Juniper is a healthcare company based in Singapore, focusing on the development and sales of pharmaceuticals in the areas of cancer, rare diseases, and infectious diseases. Through this sub-licensing agreement, Shionogi Hong Kong will grant Juniper the rights for the manufacturing and marketing approval application and sales of ensitrelvir in Singapore. After obtaining approval, Shionogi Hong Kong will supply the product to Juniper, and Juniper will be responsible for its sales. Juniper plans to proceed with discussions with the Singaporean authorities and aim for manufacturing and marketing approval application in Singapore based on the Phase 2/3 trial data conducted in Asia.

Ensitrelvir has been approved in Singapore on November 15, 2023, based on the Special Access Route (SAR) application. SAR is a Singapore-specific system for importing and supplying unapproved drugs, focusing on treatments for diseases with particularly high medical needs where there are no other treatment options available.

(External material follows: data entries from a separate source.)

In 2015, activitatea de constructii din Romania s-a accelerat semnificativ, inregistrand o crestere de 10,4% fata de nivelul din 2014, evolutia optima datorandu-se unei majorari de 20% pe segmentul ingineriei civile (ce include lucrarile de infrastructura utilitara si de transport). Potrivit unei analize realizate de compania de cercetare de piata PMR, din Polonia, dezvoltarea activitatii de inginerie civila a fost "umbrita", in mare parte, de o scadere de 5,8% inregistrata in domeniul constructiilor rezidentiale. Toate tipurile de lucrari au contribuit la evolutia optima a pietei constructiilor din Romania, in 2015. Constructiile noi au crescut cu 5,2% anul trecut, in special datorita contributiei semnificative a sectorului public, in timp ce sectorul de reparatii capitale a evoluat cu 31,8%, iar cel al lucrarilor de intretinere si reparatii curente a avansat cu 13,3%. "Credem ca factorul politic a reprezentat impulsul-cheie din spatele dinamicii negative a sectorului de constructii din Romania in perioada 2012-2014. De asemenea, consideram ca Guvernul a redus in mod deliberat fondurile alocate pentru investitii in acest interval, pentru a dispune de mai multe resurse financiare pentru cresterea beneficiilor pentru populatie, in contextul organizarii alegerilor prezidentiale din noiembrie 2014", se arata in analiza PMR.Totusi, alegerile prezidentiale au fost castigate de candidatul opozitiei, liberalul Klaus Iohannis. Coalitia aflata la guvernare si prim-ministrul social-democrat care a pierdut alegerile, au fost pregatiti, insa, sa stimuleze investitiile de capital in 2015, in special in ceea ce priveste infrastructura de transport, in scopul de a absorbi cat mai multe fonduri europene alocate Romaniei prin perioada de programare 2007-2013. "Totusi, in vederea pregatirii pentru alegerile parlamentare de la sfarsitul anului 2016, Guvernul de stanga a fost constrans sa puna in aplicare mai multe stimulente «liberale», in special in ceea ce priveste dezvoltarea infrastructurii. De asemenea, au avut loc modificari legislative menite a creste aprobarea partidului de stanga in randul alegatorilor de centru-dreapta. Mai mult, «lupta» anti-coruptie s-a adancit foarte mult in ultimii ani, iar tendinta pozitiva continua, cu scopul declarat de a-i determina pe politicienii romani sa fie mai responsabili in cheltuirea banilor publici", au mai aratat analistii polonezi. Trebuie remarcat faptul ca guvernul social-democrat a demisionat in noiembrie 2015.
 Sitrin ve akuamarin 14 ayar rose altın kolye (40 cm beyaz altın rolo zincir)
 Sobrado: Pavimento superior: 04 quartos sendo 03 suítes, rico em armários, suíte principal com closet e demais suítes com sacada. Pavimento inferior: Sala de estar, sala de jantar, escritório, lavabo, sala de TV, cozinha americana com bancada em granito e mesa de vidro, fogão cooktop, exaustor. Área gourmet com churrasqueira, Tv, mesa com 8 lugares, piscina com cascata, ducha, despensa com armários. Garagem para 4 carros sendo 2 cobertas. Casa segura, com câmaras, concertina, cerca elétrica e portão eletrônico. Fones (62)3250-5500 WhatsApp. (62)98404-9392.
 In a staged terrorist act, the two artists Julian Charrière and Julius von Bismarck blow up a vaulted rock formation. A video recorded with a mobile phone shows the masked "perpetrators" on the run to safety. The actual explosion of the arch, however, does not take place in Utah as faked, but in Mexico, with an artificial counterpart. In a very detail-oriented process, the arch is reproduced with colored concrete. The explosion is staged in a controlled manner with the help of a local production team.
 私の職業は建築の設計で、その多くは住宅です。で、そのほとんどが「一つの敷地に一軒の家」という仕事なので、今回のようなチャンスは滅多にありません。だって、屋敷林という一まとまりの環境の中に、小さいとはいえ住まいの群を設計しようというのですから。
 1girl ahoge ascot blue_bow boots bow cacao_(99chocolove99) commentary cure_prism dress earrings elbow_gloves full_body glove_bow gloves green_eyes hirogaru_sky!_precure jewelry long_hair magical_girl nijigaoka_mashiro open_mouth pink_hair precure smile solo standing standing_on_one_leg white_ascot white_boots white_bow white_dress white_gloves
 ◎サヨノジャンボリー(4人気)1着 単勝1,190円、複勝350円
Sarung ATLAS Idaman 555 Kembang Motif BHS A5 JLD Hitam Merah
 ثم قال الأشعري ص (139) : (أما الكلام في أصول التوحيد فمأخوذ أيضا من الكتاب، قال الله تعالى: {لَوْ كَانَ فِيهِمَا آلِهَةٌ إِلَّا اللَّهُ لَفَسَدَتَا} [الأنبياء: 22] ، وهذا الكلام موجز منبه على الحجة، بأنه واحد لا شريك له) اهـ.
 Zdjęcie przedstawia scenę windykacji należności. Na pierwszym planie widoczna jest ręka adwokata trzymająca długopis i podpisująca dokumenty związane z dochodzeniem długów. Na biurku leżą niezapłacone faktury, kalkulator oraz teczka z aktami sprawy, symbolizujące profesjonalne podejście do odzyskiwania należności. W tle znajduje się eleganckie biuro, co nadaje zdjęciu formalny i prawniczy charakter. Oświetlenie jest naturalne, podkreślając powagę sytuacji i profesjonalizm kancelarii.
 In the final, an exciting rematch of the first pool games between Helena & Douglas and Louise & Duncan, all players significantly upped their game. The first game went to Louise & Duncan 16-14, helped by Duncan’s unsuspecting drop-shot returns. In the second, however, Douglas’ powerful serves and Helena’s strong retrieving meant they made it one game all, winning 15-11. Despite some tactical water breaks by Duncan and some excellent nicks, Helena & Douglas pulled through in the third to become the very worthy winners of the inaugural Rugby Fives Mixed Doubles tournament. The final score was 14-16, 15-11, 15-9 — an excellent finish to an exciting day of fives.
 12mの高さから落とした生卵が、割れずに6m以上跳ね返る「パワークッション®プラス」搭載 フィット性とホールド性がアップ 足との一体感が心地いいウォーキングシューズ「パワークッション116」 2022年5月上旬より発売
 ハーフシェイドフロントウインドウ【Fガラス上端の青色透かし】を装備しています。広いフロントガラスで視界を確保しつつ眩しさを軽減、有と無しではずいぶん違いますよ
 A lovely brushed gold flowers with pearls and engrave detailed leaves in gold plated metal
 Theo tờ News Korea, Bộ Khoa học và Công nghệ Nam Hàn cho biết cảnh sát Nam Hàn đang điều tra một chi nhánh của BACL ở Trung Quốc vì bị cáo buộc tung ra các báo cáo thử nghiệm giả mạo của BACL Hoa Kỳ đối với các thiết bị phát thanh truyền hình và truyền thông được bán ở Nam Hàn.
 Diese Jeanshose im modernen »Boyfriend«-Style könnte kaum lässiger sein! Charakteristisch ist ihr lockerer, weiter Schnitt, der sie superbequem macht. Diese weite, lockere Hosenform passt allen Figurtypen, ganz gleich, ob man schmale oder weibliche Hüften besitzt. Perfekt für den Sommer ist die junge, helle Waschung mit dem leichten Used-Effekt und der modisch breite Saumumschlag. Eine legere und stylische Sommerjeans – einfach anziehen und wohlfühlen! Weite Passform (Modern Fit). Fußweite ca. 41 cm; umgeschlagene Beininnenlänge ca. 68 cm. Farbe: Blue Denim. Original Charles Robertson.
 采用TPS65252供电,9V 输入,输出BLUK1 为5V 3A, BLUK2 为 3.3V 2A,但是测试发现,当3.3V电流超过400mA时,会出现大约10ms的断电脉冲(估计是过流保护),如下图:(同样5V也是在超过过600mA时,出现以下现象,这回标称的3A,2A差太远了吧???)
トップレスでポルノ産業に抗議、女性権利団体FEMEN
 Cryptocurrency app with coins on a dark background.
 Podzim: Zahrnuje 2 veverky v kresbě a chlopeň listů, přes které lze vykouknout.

 Shionogi is committed to “Protect people worldwide from the threat of infectious diseases” with research and development of therapeutics, while also working towards total care through awareness building, epidemiologic monitoring, prevention, diagnosis, and addressing exacerbations, as well as treating infections directly. As SARS-CoV-2 continues to have a major impact on people’s lives and to represent a global threat, Shionogi are accelerating our efforts towards the practical use of ensitrelvir overseas. Through the collaboration between Shionogi Hong Kong and Juniper, we aim to obtain manufacturing and marketing approval for ensitrelvir while also contributing to the treatment of COVID-19 in Singapore, leveraging the SAR approval as an opportunity.

About Juniper Therapeutics

Juniper Therapeutics is a wholly owned company of Juniper Biologics. Juniper Biologics is a science-led healthcare company focused on delivering novel therapies to improve the health and quality of life of patients, by building a growing presence in Oncology and Oncology Supportive Care, Rare/Orphan Diseases, and Gene Therapy. It was founded on a vision to provide treatments for unmet medical needs focused on specialist therapy areas in which it can make the most difference. Through bold and transformative science, Juniper Biologics is committed to creating possibilities that have the potential to become the next generation of life-changing medicines for patient communities in China, Japan, Asia, Australia, New Zealand, the Middle East, and Africa.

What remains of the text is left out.